Now loop through the tables to find the number of rows that present in the database. For CDS view size category, this is the starting point to know the quality of the data. To be more stringent, based on the type of application, we can also check for Distinct entries that are present in the table. This will help to identify whether the enough data is present in the table. If there is less number of entries, then the quality engineer must create the data before taking the performance measurement.

IF SY-SUBRC = 0.
        CREATE OBJECT LR_VISITOR TYPE CL_DD_DDL_META_NUM_COLLECTOR EXPORTING DESCEND = ABAP_TRUE .
        data l_name type string.

        LOOP AT ENTITYTAB INTO data(LV_ENAME).
          l_name = lv_ename-objectname.
          LR_VISITOR->VISITDDLSOURCE( iv_dsname = l_name ).
          DATA(LR_NUMBERMAP) =  LR_VISITOR->GETNUMBERMAP( ).
          READ TABLE LR_NUMBERMAP ASSIGNING FIELD-SYMBOL(<CDS_VIEW>)
      WITH KEY ENTITY = LV_ENAME-OBJECTNAME.
  IF SY-SUBRC NE 0.
    CONTINUE.
  ENDIF.
ENDIF.

data tablename type string.
  data count type i.
  loop at <cds_view>-numbers-tab_info-table_tab assigning field-symbol(<tab_info>).

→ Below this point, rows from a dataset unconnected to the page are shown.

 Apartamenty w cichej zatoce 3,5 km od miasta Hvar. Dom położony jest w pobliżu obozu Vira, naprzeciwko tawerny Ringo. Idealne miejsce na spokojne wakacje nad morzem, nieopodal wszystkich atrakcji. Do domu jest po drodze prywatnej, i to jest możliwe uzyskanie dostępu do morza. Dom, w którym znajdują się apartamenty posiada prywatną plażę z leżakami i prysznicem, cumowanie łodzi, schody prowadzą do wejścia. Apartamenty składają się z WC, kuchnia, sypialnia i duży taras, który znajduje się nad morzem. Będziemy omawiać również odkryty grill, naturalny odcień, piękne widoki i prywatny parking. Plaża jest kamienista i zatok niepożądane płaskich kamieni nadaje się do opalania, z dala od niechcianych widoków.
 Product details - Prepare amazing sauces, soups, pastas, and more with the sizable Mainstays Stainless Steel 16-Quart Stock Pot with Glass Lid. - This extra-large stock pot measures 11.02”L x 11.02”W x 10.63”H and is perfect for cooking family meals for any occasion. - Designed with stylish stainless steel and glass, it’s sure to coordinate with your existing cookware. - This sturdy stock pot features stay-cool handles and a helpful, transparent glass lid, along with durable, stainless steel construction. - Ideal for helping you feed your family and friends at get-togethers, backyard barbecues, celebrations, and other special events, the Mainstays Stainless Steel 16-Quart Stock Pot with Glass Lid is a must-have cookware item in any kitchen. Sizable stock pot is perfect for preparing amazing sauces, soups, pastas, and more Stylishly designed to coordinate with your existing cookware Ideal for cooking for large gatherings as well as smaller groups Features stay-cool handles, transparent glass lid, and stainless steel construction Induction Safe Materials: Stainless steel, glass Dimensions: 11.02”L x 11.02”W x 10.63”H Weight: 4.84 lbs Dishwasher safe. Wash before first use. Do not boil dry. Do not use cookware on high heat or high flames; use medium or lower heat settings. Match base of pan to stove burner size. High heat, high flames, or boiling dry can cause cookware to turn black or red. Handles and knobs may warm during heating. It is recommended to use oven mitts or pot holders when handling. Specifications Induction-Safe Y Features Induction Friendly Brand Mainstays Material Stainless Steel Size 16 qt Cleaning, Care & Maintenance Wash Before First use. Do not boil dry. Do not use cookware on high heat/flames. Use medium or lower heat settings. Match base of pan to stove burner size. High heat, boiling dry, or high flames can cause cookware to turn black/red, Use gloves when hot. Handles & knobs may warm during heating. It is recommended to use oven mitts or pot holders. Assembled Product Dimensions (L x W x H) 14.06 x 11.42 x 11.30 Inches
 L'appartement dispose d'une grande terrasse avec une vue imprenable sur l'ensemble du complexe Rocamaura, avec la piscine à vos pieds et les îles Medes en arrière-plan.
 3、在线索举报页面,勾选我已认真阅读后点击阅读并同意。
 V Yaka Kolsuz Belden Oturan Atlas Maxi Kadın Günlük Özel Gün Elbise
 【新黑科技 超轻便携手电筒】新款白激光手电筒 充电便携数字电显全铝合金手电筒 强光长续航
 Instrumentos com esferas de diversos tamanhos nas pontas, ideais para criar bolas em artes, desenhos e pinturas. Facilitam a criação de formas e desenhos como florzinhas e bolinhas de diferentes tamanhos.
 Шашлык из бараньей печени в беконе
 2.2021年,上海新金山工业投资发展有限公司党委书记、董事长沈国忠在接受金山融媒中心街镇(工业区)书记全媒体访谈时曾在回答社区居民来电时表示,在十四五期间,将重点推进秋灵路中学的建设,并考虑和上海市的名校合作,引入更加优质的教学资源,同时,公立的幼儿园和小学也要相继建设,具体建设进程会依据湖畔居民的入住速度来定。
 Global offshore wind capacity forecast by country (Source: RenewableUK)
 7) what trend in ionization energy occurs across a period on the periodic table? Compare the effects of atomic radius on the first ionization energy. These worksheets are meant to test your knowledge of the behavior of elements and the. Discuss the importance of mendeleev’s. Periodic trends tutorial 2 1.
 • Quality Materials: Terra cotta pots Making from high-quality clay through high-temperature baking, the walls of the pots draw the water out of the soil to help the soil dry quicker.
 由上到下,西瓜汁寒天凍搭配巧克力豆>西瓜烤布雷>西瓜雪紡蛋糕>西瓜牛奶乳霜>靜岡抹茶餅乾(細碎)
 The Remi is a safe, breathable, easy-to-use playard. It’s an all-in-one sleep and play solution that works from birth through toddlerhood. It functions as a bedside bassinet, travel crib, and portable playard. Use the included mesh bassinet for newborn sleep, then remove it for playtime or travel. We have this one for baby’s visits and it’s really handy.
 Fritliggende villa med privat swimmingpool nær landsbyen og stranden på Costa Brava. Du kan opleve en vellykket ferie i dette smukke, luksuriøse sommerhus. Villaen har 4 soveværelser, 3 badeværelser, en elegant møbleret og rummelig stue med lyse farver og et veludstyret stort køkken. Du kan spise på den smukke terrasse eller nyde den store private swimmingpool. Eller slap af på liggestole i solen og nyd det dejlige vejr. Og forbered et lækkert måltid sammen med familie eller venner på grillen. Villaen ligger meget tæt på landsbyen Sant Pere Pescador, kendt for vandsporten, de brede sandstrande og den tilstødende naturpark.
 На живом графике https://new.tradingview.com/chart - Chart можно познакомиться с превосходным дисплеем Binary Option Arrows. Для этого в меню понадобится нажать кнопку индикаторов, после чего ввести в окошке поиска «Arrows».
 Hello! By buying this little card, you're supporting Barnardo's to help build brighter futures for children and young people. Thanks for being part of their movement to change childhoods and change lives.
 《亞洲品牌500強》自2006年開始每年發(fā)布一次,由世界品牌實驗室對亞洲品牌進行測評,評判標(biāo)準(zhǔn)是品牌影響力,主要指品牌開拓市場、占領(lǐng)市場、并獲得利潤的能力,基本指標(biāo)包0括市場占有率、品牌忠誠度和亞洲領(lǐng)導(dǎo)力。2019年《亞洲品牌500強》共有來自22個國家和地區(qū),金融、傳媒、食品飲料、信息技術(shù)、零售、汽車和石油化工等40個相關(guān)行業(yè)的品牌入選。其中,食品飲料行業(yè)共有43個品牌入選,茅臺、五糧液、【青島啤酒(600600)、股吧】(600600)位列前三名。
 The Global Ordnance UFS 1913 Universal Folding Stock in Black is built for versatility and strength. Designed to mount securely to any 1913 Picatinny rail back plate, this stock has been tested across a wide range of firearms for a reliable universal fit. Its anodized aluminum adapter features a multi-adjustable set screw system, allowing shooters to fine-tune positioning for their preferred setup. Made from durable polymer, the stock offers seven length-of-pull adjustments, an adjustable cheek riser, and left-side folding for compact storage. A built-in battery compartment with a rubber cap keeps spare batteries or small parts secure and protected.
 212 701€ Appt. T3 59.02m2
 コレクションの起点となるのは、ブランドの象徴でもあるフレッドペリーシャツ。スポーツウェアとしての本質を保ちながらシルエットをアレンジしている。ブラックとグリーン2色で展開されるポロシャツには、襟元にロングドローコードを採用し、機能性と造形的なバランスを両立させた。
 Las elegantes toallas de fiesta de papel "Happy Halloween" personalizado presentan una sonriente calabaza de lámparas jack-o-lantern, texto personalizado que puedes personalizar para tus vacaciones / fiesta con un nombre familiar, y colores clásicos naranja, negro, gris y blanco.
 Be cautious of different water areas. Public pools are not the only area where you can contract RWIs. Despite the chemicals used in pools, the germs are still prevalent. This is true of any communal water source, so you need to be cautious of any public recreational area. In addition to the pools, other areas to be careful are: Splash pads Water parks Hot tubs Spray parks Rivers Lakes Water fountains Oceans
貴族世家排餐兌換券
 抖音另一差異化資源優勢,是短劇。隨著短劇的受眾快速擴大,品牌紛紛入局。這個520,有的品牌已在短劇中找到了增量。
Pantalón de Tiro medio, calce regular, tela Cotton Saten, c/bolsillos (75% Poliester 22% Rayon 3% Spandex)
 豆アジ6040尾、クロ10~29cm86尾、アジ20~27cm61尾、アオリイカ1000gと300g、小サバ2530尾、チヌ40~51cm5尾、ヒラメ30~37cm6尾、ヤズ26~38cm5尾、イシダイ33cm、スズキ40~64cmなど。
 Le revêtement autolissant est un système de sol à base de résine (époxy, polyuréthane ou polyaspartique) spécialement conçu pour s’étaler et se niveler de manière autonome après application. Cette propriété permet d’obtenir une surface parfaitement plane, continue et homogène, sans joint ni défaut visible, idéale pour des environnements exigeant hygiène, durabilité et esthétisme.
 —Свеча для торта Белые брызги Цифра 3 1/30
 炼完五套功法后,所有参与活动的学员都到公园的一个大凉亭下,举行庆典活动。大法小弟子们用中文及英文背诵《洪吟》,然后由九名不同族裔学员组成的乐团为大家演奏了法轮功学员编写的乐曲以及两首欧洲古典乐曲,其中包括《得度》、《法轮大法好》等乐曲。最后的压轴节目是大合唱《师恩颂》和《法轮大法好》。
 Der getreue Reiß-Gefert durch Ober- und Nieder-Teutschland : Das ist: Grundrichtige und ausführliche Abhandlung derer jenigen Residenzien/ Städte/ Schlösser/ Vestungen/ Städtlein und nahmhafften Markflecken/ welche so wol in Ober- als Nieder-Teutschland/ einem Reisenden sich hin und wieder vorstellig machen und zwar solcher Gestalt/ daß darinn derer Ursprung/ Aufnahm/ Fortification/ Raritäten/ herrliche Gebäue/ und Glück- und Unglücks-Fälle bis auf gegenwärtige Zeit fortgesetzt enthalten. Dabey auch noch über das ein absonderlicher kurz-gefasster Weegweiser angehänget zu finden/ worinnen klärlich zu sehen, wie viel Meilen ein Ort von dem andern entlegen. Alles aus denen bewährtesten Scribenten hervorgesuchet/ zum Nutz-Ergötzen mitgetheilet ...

    collect <tab_info> into lr_tabs.
    tablename = <tab_info>-TABNAME.
    select count(*) from (tablename) INTO count.
  endloop.

Here we get number of entries present in the table. For the above example, there is only 1 table i.e. AENR. When we query for number of entries in the table AENR using count (*), and output is 100 rows. This is less as the size category annotation is specified as ‘L’. So, bare minimum rows that are required before starting with the performance system is somewhere between 10^5 and less than 10^5.